A instalação mais rápida do Kofamscan é com o conda. Com ele automaticamente o HMMER, RUBY (a linguagem) e o PARALLEL são instalados mais rapidamente. A instalação é um pouco demorada.
conda install -c bioconda kofamscan
Caso ele não instale os três pacotes mencionados (teste digitando o nome do programa), instale manualmente os três.
conda install ruby
conda install -c bioconda hmmer
conda install -c bioconda parallel
Vamos agora criar um diretorio para guardar os bancos de dados de HMM.
mkdir -p ~/kofamscan/
mkdir -p ~/kofamscan/db
cd ~/kofamscan/db
wget ftp://ftp.genome.jp/pub/db/kofam/ko_list.gz
wget ftp://ftp.genome.jp/pub/db/kofam/profiles.tar.gz
gunzip ko_list.gz
tar xvzf profiles.tar.gz
Agora vamos criar a pasta do binário do kofamscan.
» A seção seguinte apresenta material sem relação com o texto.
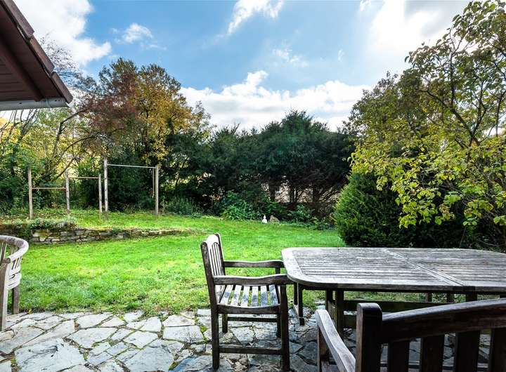 Der liebevoll angelegte Garten mit großer Rasenfläche, zwei Sonnenterrassen und einem kleinen Gartenteich lädt zum Entspannen, Spielen und Genießen ein. Durch die weite Entfernung zum nächsten Nachbarn genießen Sie hier eine außergewöhnliche Privatsphäre.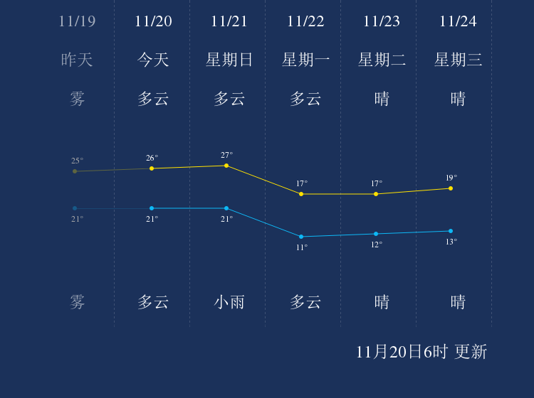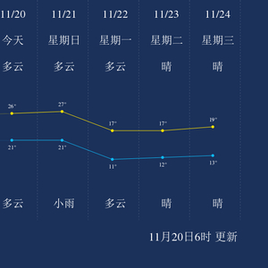 中国天气网讯 今天是11月20日星期六,一起来看天气。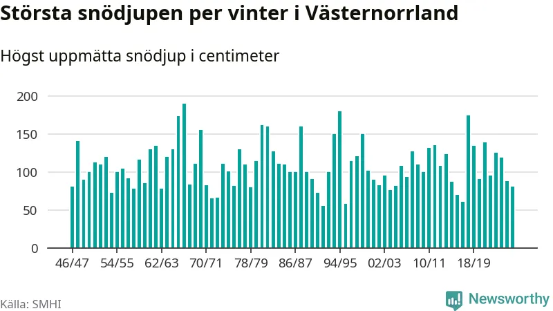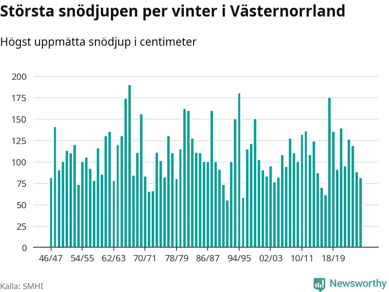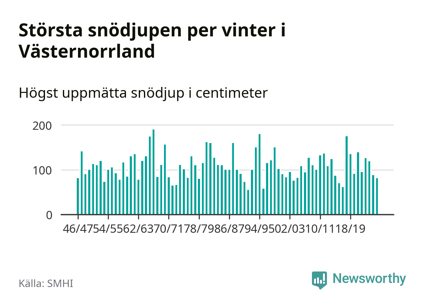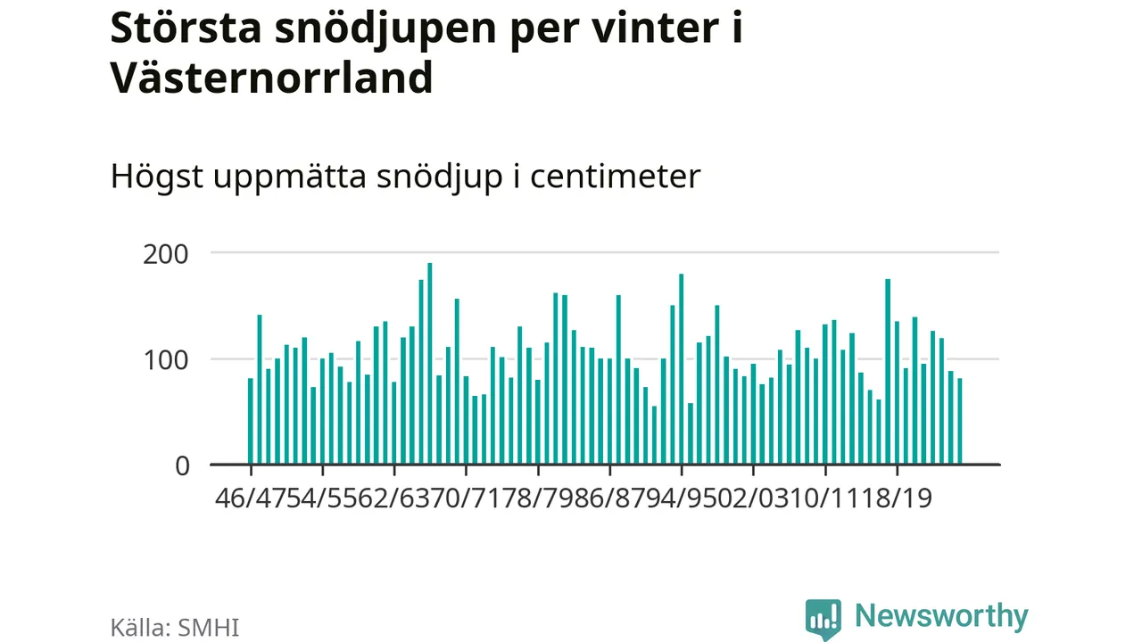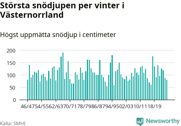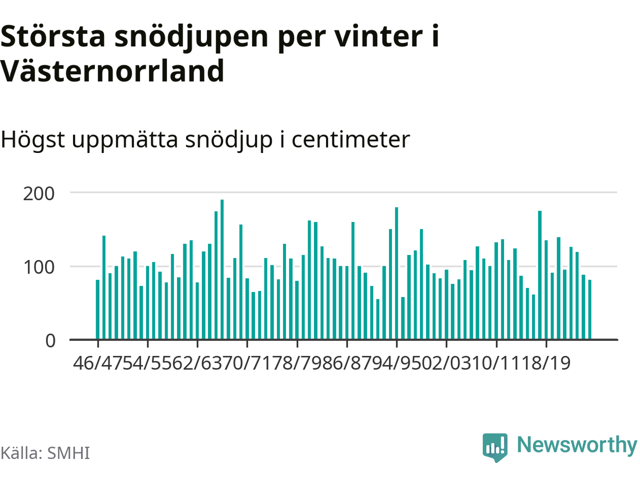 Men hur står sig det snödjupet historiskt sett? Newsworthy har tittat på det största snödjup som SMHI har uppmätt i Västernorrlands län varje år sedan vintern 1946/47 – och hittills tar sig årets vinter inte in bland de 25 vintrarna med störst uppmätt snödjup i länet.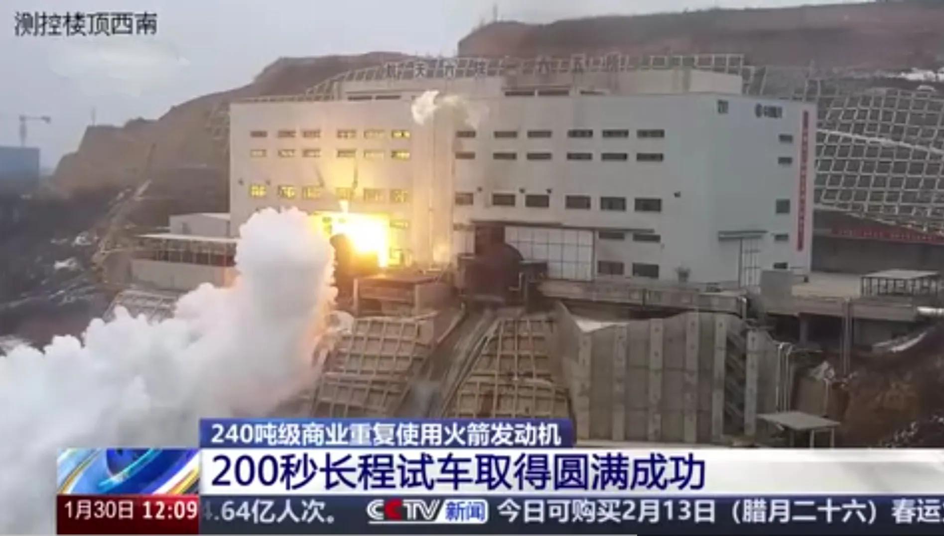 消息来源:央视新闻1月30日报道《240吨级商业重复使用火箭发动机 200秒长程试车取得圆满成功》网址

O link pode estar quebrado ou uma nova versão surgido: AQUI
mkdir -p ~/kofamscan/bin
cd ~/kofamscan/bin
wget https://www.genome.jp/ftp/tools/kofam_scan/kofam_scan-1.3.0.tar.gz
tar xvzf kofam_scan-1.3.0.tar.gz
Agora que já extraimos, podemos entrar dentro do diretório bin e executar o script exec_annotation
para ver se esta tudo certo.
cd kofam_scan-1.3.0/
./exec_annotation
Precisamos agora editar o arquivo config-template.yml
. Primeiro faça uma cópia dele. Depois encontre o caminho até o binário do conda do PARALLEL e HMMSEARCH.
cp config-template.yml config.yml
which hmmsearch
#/opt/lucasmiguel/programas/miniconda3/bin/hmmsearch
which parallel
#/opt/lucasmiguel/programas/miniconda3/bin/parallel
Como o programa exec_annotation
somente entende o arquivo config.yml
, vamos editar e passar as informações dos binários e do caminho até os arquivos do ko_list
e profiles
, baixados anteriormente. De um vi config.yml
e edite. Não se esqueça do total de CPUs.
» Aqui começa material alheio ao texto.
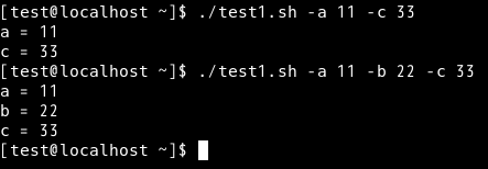./test1.sh -a 11 -b 22 -c 33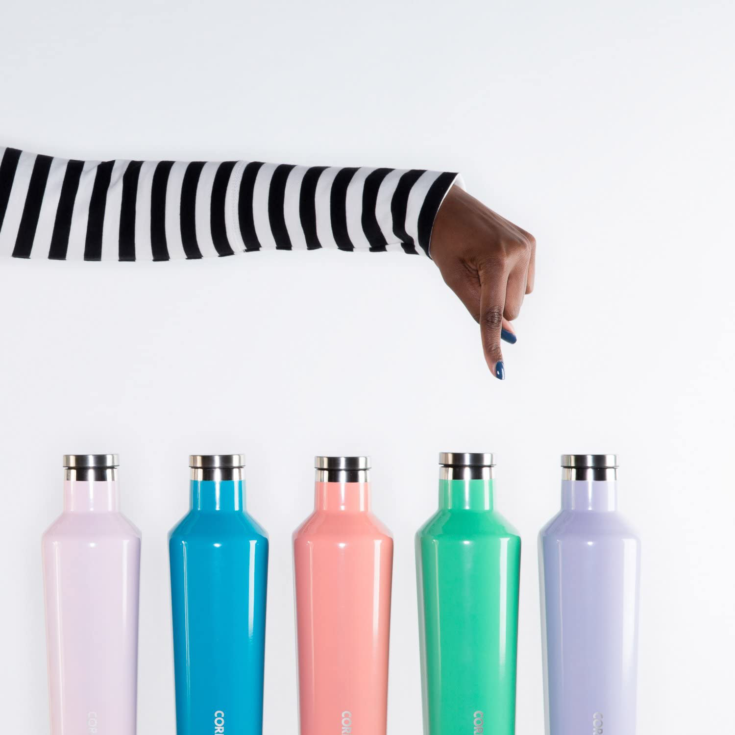 The eye-catching and fashionable Corkcicle Canteen. This sleek, BPA-free drink container is available in a variety of sizes and stylish colors. It maintains the temperature of your drinks, keeping them cold for 25 hours or hot for 12. Options include a 25oz that can accommodate a full bottle of wine and our extra-large 60oz—perfect for sharing sangria, margaritas, and other drinks.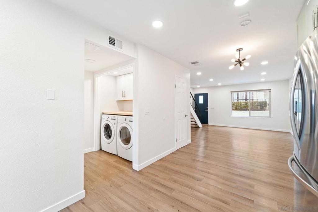 This 2 bed 1.5 bath townhouse residence boasts a plethora of upgrades, ensuring a modern and comfortable lifestyle. As you enter, be greeted by the fresh scent of newness and the gleam of brand-new flooring that guides you through the spacious living area. The entire unit has been lovingly renovated, featuring a new open concept kitchen equipped with state-of-the-art appliances that will inspire your inner chef to create culinary masterpieces. Added Bonus- this unit has AC. No more trips to the laundromat! This unit offers the ultimate convenience with its brand-new, in-unit washer and dryer, making laundry day a breeze. The bathrooms have been tastefully updated, exuding elegance and style with every detail. Enjoy ample natural light streaming in through the newly installed windows, illuminating every corner of your sanctuary. Parking woes are a thing of the past with the gated parking that ensures the safety and security of your vehicle. Additionally, rest easy knowing that paid assessments mean no surprise expenses, allowing you to fully enjoy the peace of mind that comes with homeownership.

# Path to your KO-HMM database
# A database can be a .hmm file, a .hal file or a directory in which
# .hmm files are. Omit the extension if it is .hal or .hmm file
profile: /opt/lucasmiguel/Wiki/anotacao/kofamkoala/kofamscan/db/profiles/
# Path to the KO list file
ko_list: /opt/lucasmiguel/Wiki/anotacao/kofamkoala/kofamscan/db/ko_list
# Path to an executable file of hmmsearch
# You do not have to set this if it is in your $PATH
hmmsearch: /opt/lucasmiguel/programas/miniconda3/bin/hmmsearch
# Path to an executable file of GNU parallel
# You do not have to set this if it is in your $PATH
parallel: /opt/lucasmiguel/programas/miniconda3/bin/parallel
# Number of hmmsearch processes to be run parallelly
cpu: 12
Pronto. Agora podemos executar. O arquivo config.yml
deve estar no mesmo diretório do exec_annotation
, logo, será melhor copiar o arquivo fasta para a pasta ~/kofamkoala/kofamscan/bin/kofam_scan-1.3.0. Chamaremos o fasta de proteinas_projetoX.faa.
3. Executando o kofamscan
Para executar o kofamscan basta:
./exec_annotation -o anotacao_kofam_projetoX.txt proteinas_projetoX.faa
A saída terá o nome da proteína e a Ortologia KEGG (Kegg Orthology (KO)). Esse processo é muito usado em metatranscriptômica, para ver a coleção de KOs presentea nas amostras.
# gene name KO thrshld score E-value KO definition
#------------------------------ ------ ------- ------ --------- ---------------------
TRINITY_DN33333_c0_g1_i1 K01099 431.53 48.9 5.8e-13 inositol polyphosphate 5-phosphatase INPP5B/F [EC:3.1.3.36]
AS_TRINITY_DN11111_c0_g1_i1 K20279 486.83 20.8 0.00012 synaptojanin [EC:3.1.3.36]
AS_TRINITY_DN00000_c1_g1_i3 K24222 384.63 15.3 0.0096 inositol polyphosphate 5-phosphatase INPP5J/K [EC:3.1.3.56]
AS_TRINITY_DN66666_c0_g1_i3 K21038 - 13.1 0.058 reverse transcriptase [EC:2.7.7.49]
AS_TRINITY_DN131313_c0_g1_i2 K11422 288.00 220.6 8.5e-65 [histone H3]-lysine4 N-trimethyltransferase SETD1 [EC:2.1.1.354]
Se você executar com a opção -f mapper
, você terá apenas as colunas do ID do fasta e a conversão.
./exec_annotation -f mapper -o anotacao_kofam_projetoX.txt proteinas_projetoX.faa
A saída será:
TRINITY_DN33333_c0_g1_i1 K01099
AS_TRINITY_DN11111_c0_g1_i1 K20279
AS_TRINITY_DN00000_c1_g1_i3 K24222
AS_TRINITY_DN66666_c0_g1_i3 K21038
AS_TRINITY_DN131313_c0_g1_i2 K11422
Espero que ajude vocês, principalmente em trabalhos de METAGENÔMICA!